Międzychód County (powiat międzychodzki) is a unit of territorial administration and local government (powiat) in Greater Poland Voivodeship, west-central Poland. It came into being on January 1, 1999, as a result of the Polish local government reforms passed in 1998. Its administrative seat and largest town is Międzychód, which lies 74 km west of the regional capital Poznań. The only other town in the county is Sieraków, lying 16 km east of Międzychód.

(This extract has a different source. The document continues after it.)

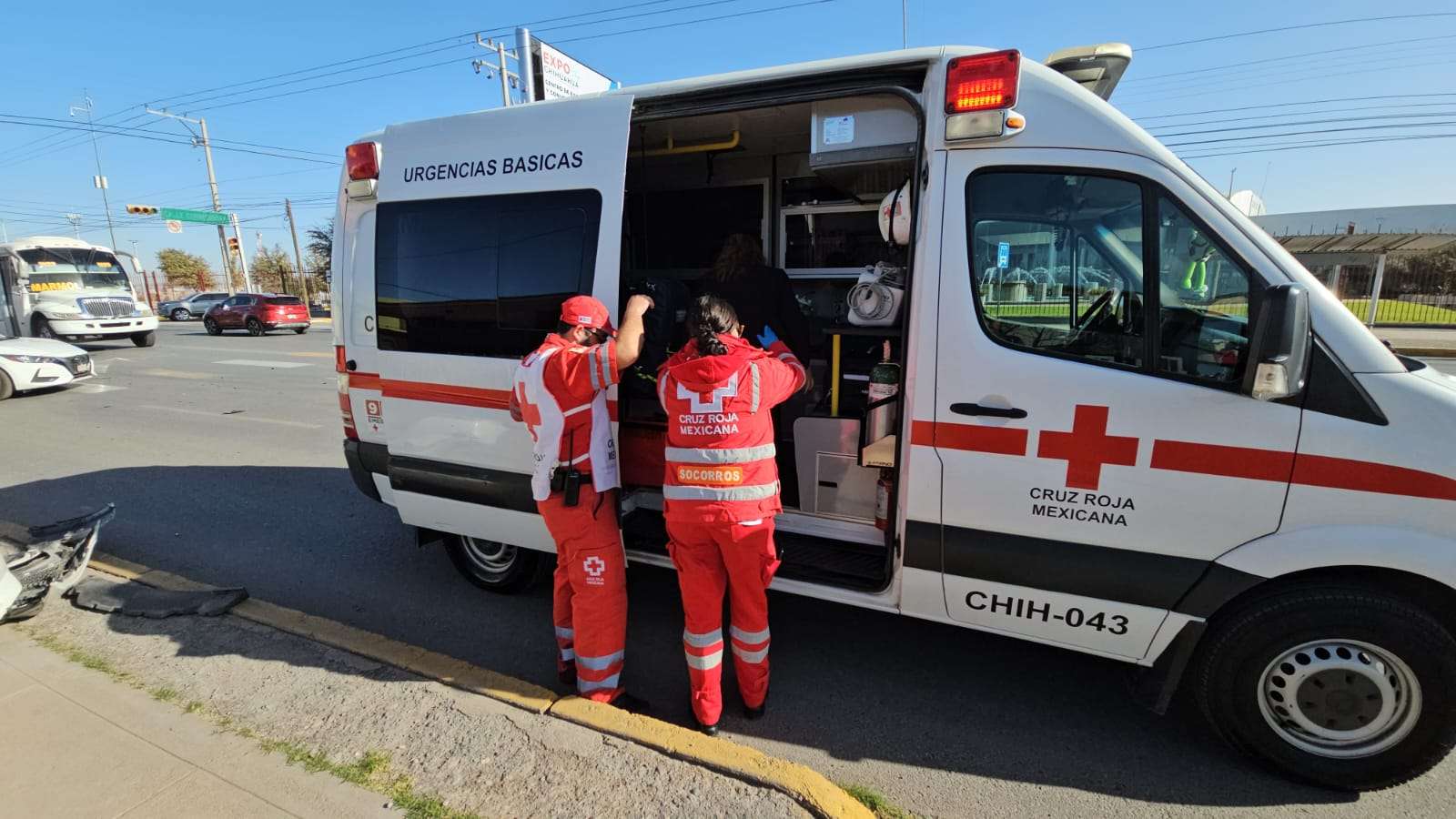 Paramédicos de la Cruz Roja Mexicana atendieron a ambos conductores en el lugar, valorando a la mujer responsable para determinar si requería traslado a un hospital.

The county covers an area of 736.66 km2. As of 2006 its total population is 36,329, out of which the population of Międzychód is 10,920, that of Sieraków is 5,994, and the rural population is 19,415.

==Neighbouring counties==
Międzychód County is bordered by Czarnków-Trzcianka County to the north-east, Szamotuły County to the east, Nowy Tomyśl County to the south, Międzyrzecz County to the south-west and Strzelce-Drezdenko County to the north-west.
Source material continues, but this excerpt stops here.